Он медленно обошел вокруг ее стула – наверно, чтобы осмотреть Лизу со всех сторон. И снова остановился всего в шаге от нее.

– Но, надеюсь, ты понимаешь, что замыкаться в себе – это не выход. – Он внимательно посмотрел ей в глаза. – Ты особенная, это правда. И к твой проблеме нужен особый подход. Обещаю, что теперь займусь тобой всерьез, но пусть это тебя не пугает. Я не собираюсь лишать тебя привычных маленьких радостей. Например, эти твои прогулки – хороший инструмент для выздоровления, если знать им меру. Гуляй себе на здоровье, если тебе нравится, только не в неустановленное время. Скажем, перед обедом, как раз нагуляешь аппетит. Места тут красивые, свежий воздух… Может быть, и я как-нибудь выгадаю часок с тобой прогуляться, вместе выберем тебе живописный маршрут.

Сказав это, он коснулся ее подбородка. Лиза вздрогнула, приподнялась на стуле, словно ее потянули к потолку какие-то невидимые силы, и неуверенно взглянула на Молохова, на его кустистые брови, на выдающийся, как обломок скалы, нос.

– Не понимаю, – сказала она. – Не понимаю, как мои прогулки помогут мне поправиться.

Они замерли на несколько секунд; потом Молохов убрал руку с ее подбородка.

– Сколько тебе лет, восемнадцать?

Он, конечно, знал ее возраст, ведь ее карта столько раз лежала у него на столе, но ему, вероятно, захотелось услышать, как она сама назовет это скромное число.

– Девятнадцать, – сказала Лиза невнятно и опустила глаза.

– Девятнадцать, – как будто подтвердил Молохов и рассмеялся. – Мне бы сейчас мои девятнадцать лет!

Они помолчали. За окном шел дождь; капли тоскливо застучали по козырьку. Когда молчание слишком затянулось и стало неприятным, Молохов посмотрел на часы.

– Ну, кажется, я тебя уже утомил. Вот мы заболтались, а я снова опоздал на обед. Пойдем вместе, провожу тебя до столовой, может, оставили мне что-нибудь.

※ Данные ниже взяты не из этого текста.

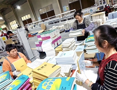 胶印车间内,机器飞速印刷,一张张图文并茂的教辅材料从机器里“吐出”;仓储中心,工作人员正在按订单收拣、分发图书;仓库里,一摞摞刚刚印刷好的书摆放整齐,形成了一座座小山丘;快递分拣线上,工人们快速而不慌乱地打包,传送带的另一头是一辆快递货柜车等待着接收包裹。

Лиза попыталась возразить, но Молохов уже накинул ей на плечи свой халат.

– Не отказывай старику. К тому же сегодня обещали грозу, а у меня где-то был зонт.

Выходя, Лиза не удержалась и, прищурившись, снова взглянула на стол, как будто хотела удостовериться, что на нем все еще лежит стопка выпиленных из фанеры рамок. Молохов поймал ее взгляд и усмехнулся:

– Всё лучше, чем пить в одиночестве.

Лиза притворилась, что сказанное ее не удивило. Но про себя она подумала: «Неужели он в чем-то меня подозревает? Или он просто сказал первое, что пришло в голову?»

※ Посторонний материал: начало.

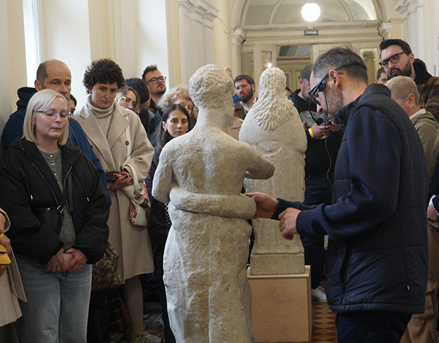 У виставці переплітаються теми пам’яті, освіти, руїни та присутності. Камінь зберігає сліди часу – він водночас і поранений, і міцний. Більшість робіт пов’язані з академічною школою, яка стає частиною самої розмови: її традиції залишаються відчутними в сучасних інтерпретаціях. Архітектура навколо промовляє мовою тріщин – у ній видно і занепад, і надію, через красу. Саме в цьому контексті по-новому звучить питання, яке ставить Діана Клочко: навіщо нам, українцям, гліптотека? Адже навіть країни, які не мали великої античної спадщини, створили власні моделі збереження скульптурних артефактів, які стали важливими для європейської культури. Українська ж традиція кам’яної пластики не така численна, але потребує переосмислення – через реставрацію, вивчення, реконструкції й сучасні алюзії. Ця виставка і є спробою такого переосмислення – коли фрагменти минулого, освітні практики й нові форми присутності з’єднуються у спільному просторі пам’яті. Тут глядач, рухаючись цією виставкою, стає частиною спільного простору, де присутність відчувається через відсутність, а мистецтво – як спосіб не дати забути.

Пока они шли по галерее, за окном начался настоящий ливень. На последней ступеньке под козырьком медицинского корпуса Молохов прижал Лизу к себе и распахнул зонт. Санитарки, курившие у дверей, разом замолчали и уставились на них. Лиза отвернулась, ей стало неловко.

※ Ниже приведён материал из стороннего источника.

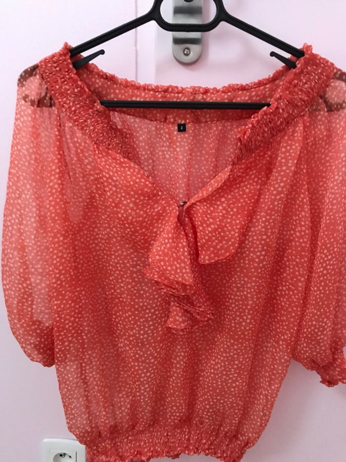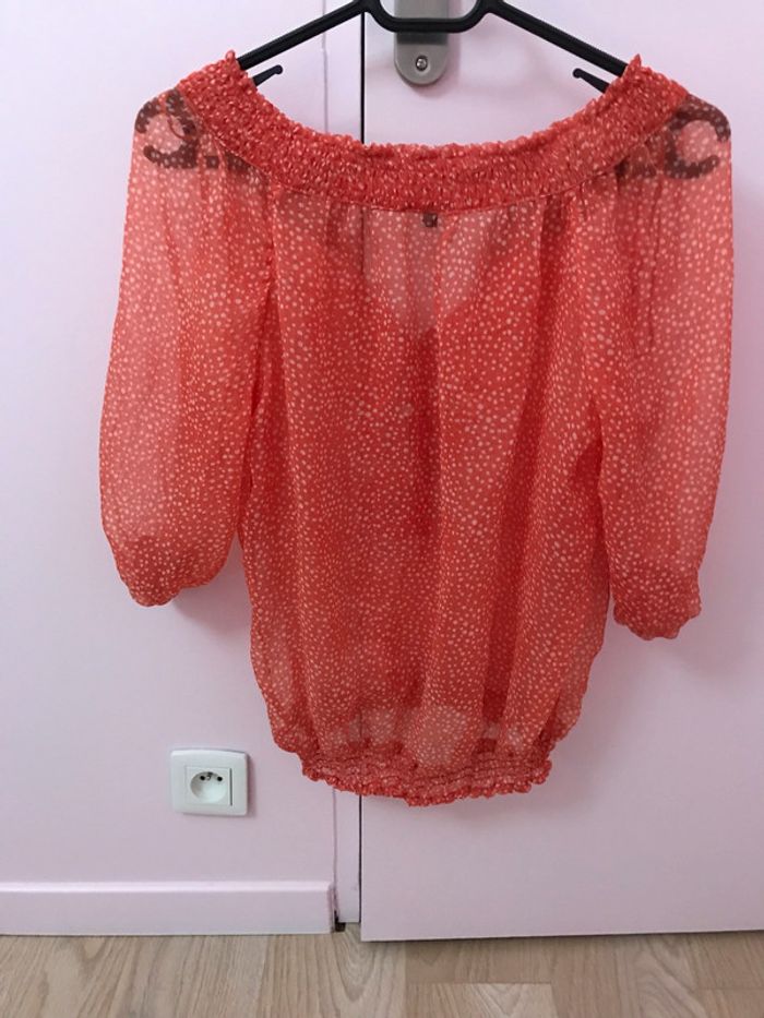 Blouse fluide transparente corail T2 Pois blanc Élastique taille, manches 3/4 Encolure aux épaules

Они пошли по аллее, и капли разбивались у них над головами на атласном куполе зонта. Шли молча. Это молчание было Лизе в тягость, а Молохов как будто его не замечал. Был он все так же грозен и устремлен вперед.

У столовой они попрощались. Молохов вручил ей зонт, и Лиза взяла его, понимая, что Молохов не примет отказа.

– Ну, беги, может, и не промокнешь, – с усмешкой сказал Молохов, а потом добавил: – Подумай о нашем разговоре и не забывай: спасение утопающих – дело рук самих утопающих.

Он сказал это, конечно, в шутку, но у Лизы похолодело внутри. Она едва заметно кивнула, развернулась и быстрым шагом пошла через двор. В воздухе громыхнуло. Начиналась гроза, и где-то вдалеке сверкнула молния.

У дверей жилого корпуса зонт вырвало у нее из рук – смятый, изуродованный, он полетел по аллее, подгоняемый неистовым порывом ветра. Лиза проводила его взглядом, потом прислонилась спиной к стене под козырьком, медленно сползла вниз и заплакала.

~ ~ ~

Утром выпиваешь чашку кофе, а вечером кто-то умирает. Истина печальна и неизменна: и первый микроорганизм, и доисторический осьминог, и кость, и камень – всё в конце концов погружается в воду. В воду летит двадцатилетний мальчишка-камикадзе, направляя груженную бомбой боевую машину во вражеский флагман, чтобы обратиться пеплом на волнах, чтобы спустя три четверти века стать грозовой тучей над Подмосковьем. С этим можно только смириться. Но смириться, конечно же, невозможно.

2014, зима

Железнодорожную станцию Переделкино засыпает снег. И зимой и летом на платформе не прекращается течение толп людей, но вокруг станции царят вечные тишина и безлюдье. Стоит пересечь рельсы, выйти на двухполосную асфальтированную дорогу, пройти вдоль небольшого затора у переезда – и окажешься на распутье. Дорога налево ползет по холму – там, на высоком берегу реки Сетунь, у писательского поселка, располагается знаменитое Переделкинское кладбище. Эта земля стара и отравлена величием покоящихся в ней трупов: Пастернака, Чуковского, Арсения Тарковского и многих других плодовитых мертвецов. В ясную погоду некрополь освещает неоновый крест над загородной резиденцией патриарха Кирилла.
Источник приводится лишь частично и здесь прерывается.